С 28 июня по 2 июля в Москве, в Николо-Перервинской семинарии Общество любителей древнерусского (церковного) пения провело 2-й Практический съезд любителей знаменного пения. Сей Съезд был, к сожалению, практически не замечен журналистами, пишущими на церковную тему. А жаль. За последнее десятилетие знаменный распев завоевывает все больше сторонников на клиросах приходов РПЦ МП (в старообрядческих и единоверческих приходах оно, разумеется, существовало всегда в качестве непрерывной традиции). Для тех, кто осознанно стремится к возрождению знаменного пения в современных условиях, необходимость проведения подобных съездов совершенно очевидна, ведь усилия регентов и клирошан, разбросанных по самым разным городам России, нуждаются хотя бы в координации. Каждый участник и Первого, и Второго съезда увез домой разнородный багаж: кто-то смог разрешить накопившиеся недоумения, кто-то приобрел полезный практический опыт, обзавелся аудио- и печатными руководствами, а кто-то, возможно, уехал с чувством разочарования и неудовлетворенности.
По окончании заседаний в Москве полемика, и порой ожесточенная, продолжилась на Интернет-форуме. Вообще, ввиду редкости и потому уникальности подобных инициатив, прошедший Съезд, несомненно, заслуживает внимания и трезвого анализа результатов его работы.
В докладах и выступлениях на «круглых столах», и особенно в имевшей место полемике, как в зеркале, отразилось бедственное состояние нашего общества (само собою, и церковной его части), – неспособность прислушаться к чужому мнению, угрозы игнорирования следующего съезда, обвинения в «нецерковности», «недуховности», «этнографизме» и прочем подобном. Воистину, общество болеет, и это становится порой донельзя очевидно. Да, организаторы сих съездов, по всей видимости, вполне отдавали себе отчет в том, что всегда они будут стоять перед опасностью тотальной ссоры и невозможностью собираться впредь, и по тому пытались, насколько это представлялось возможным, раскачивающуюся лодку удержать от конечного потопления. Но – просто диву даешься – нет пределов человеческому самомнению и воинствующему дилетантизму, коим нисколько, оказывается, не мешает (а порой и помогает) и претензия на сугубую «воцерковленность», и даже наличие духовного сана и иноческого звания.
Есть совершенно несокрушимый аргумент – «мне мой духовный опыт, знаете, подсказывает» – и любая научная аргументация оказывается бессильной.
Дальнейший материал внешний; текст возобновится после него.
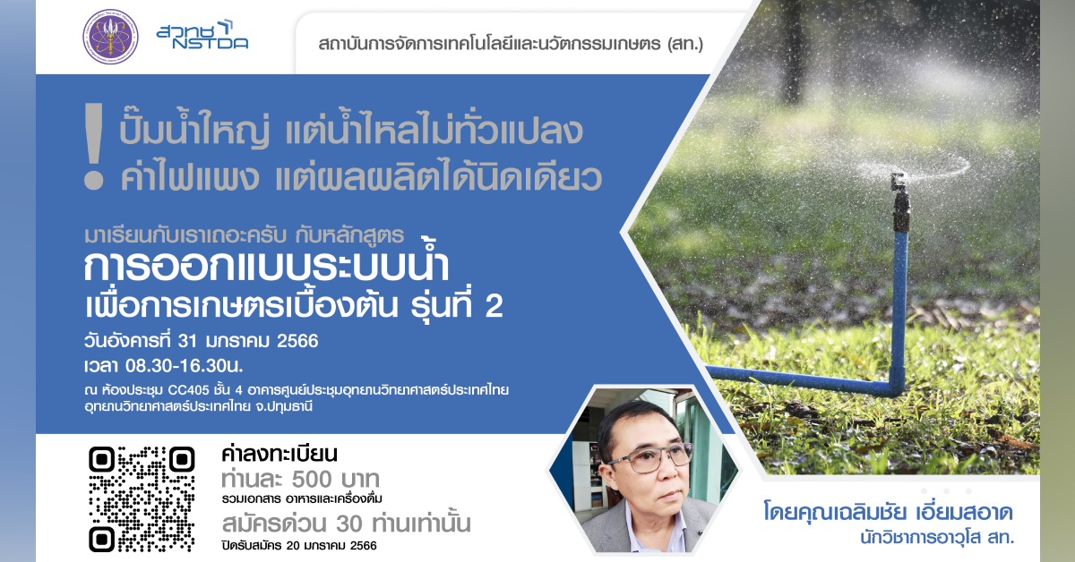 สวทช. จัดอบรม “การออกแบบระบบน้ำเพื่อการเกษตรเบื้องต้น รุ่น 2”
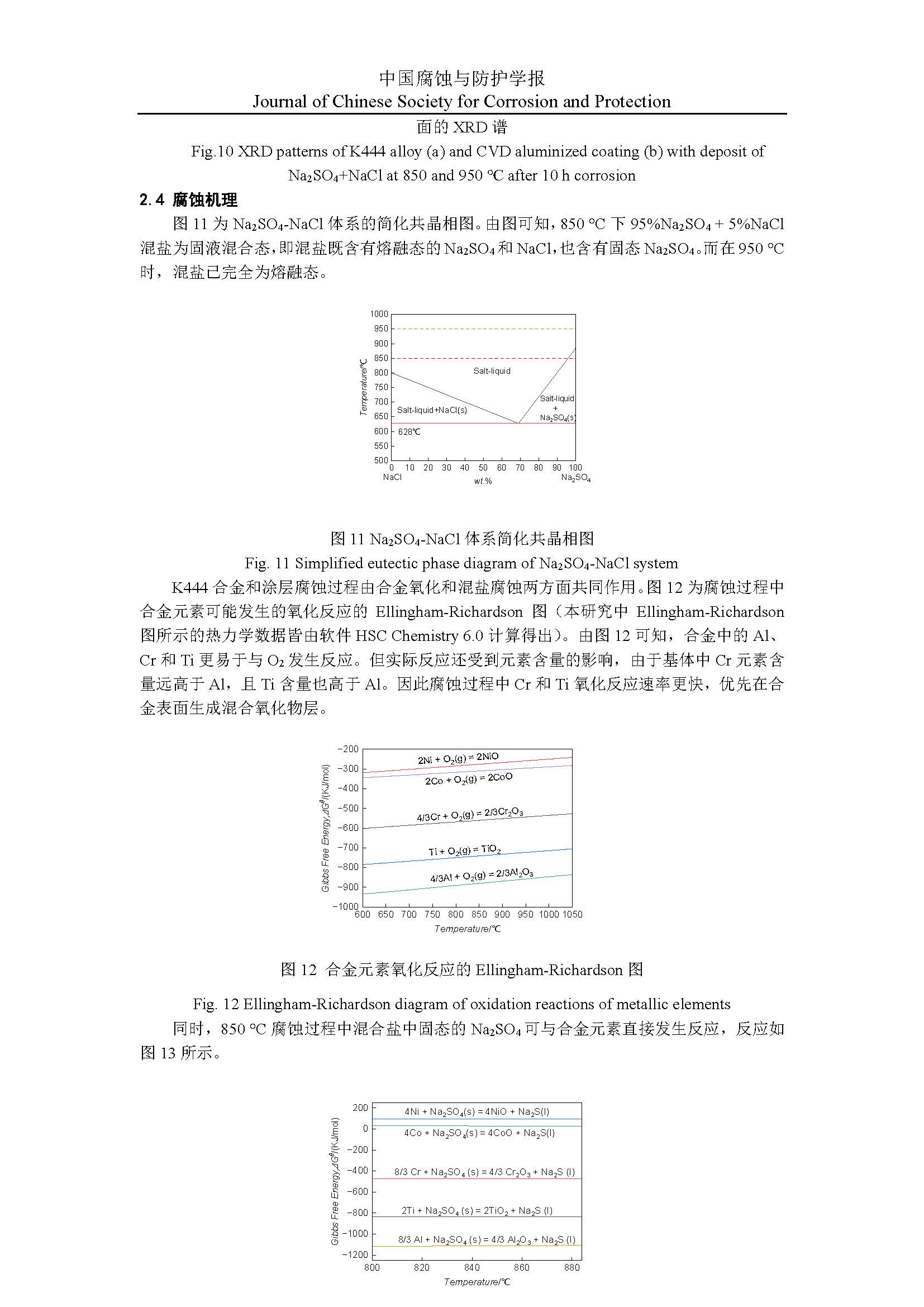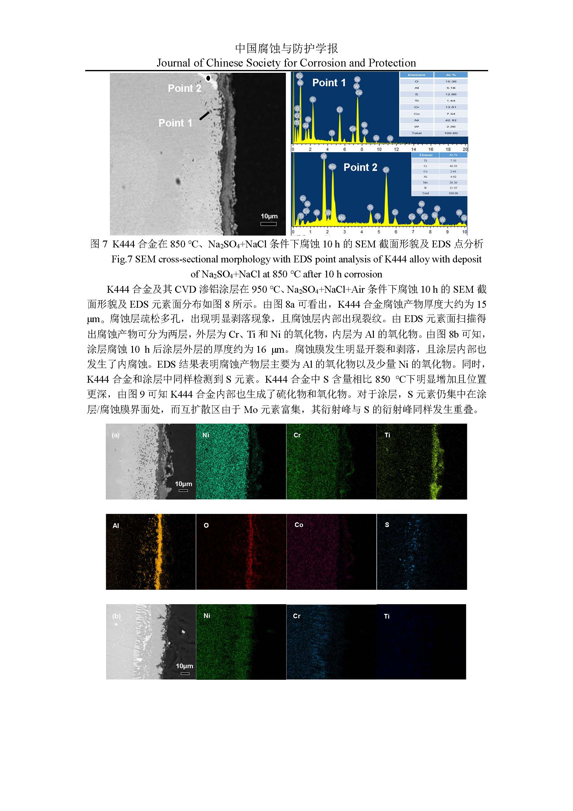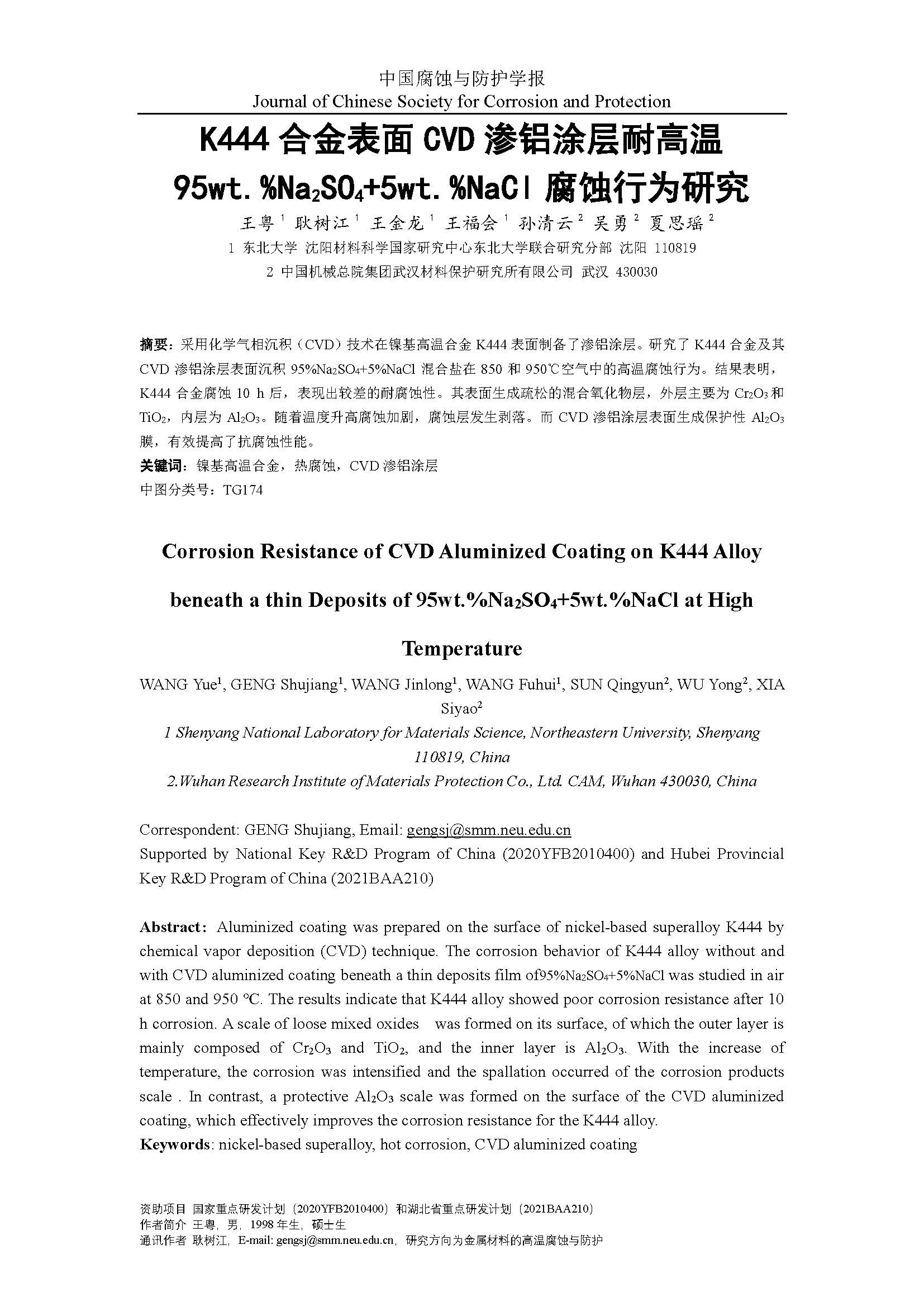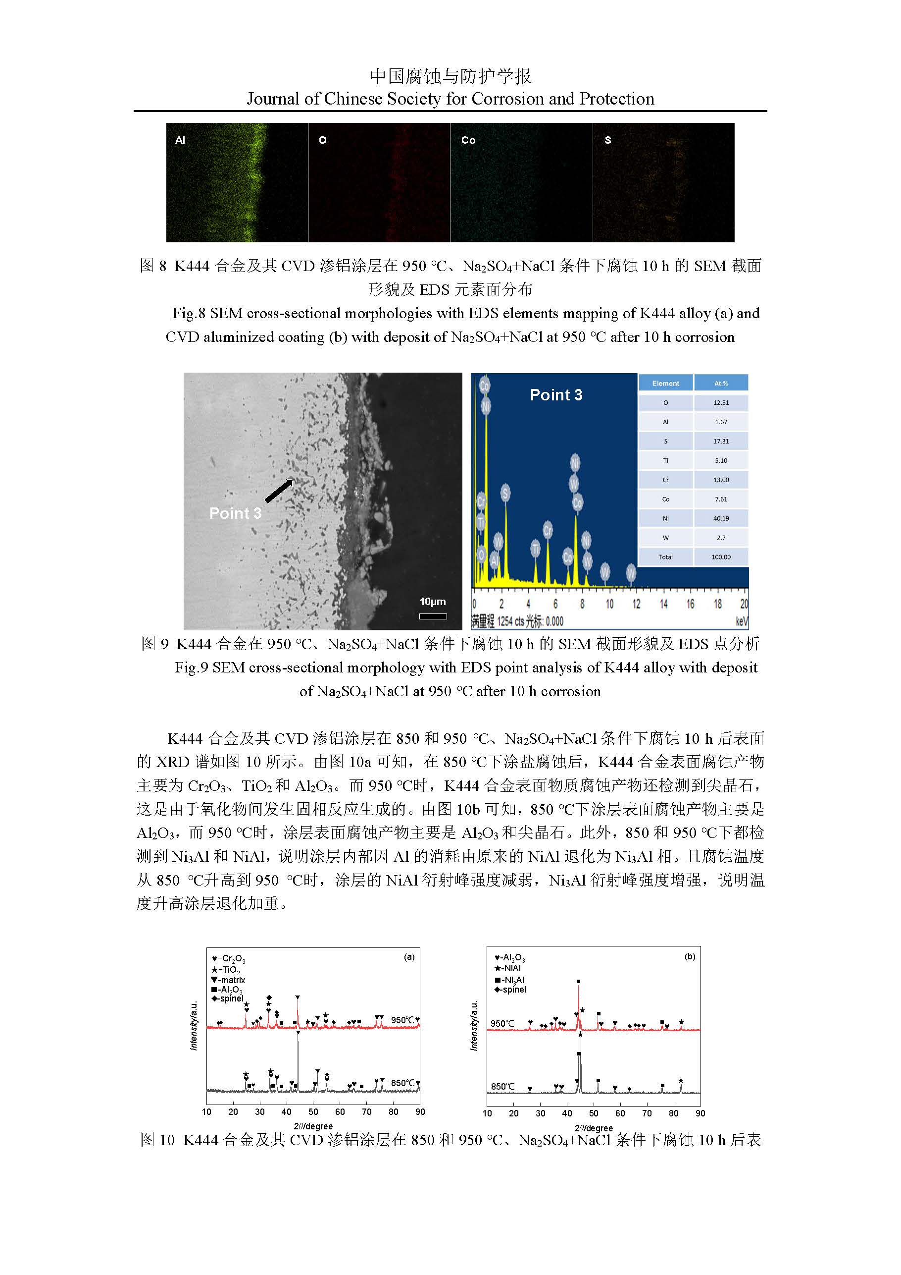 K444合金表面CVD渗铝涂层高温耐95 wt.%Na2SO4+5 wt.%NaCl腐蚀行为研究
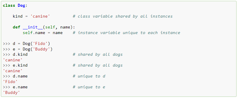 一般的に、インスタンス変数はそれぞれのインスタンスについて固有のデータのためのもので、クラス変数はそのクラスのすべてのインスタンスによって共有される属性やメソッドのためのものです:
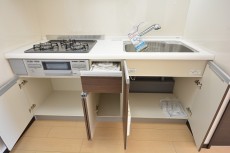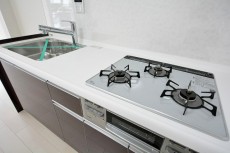 キッチンは収納スペースが多く、設備は3口ガス、グリルに浄水器一体型水栓が付いています。

Объективности ради следует заметить, что и кабинетный академизм, не связанный с наличием способности «различения духов», едва ли способен помочь делу, ради которого собрались знаменщики из Москвы, Петербурга, Новосибирска, Оренбурга, Тамбова, Минска, Белгорода, Екатеринбурга и даже соседней Польши (Бяла Подляска и женский монастырь на Грабарке) –выявить из всего многообразия представлений о том, что же есть настоящее знаменное пение, наиболее верное, и как его практически освоить.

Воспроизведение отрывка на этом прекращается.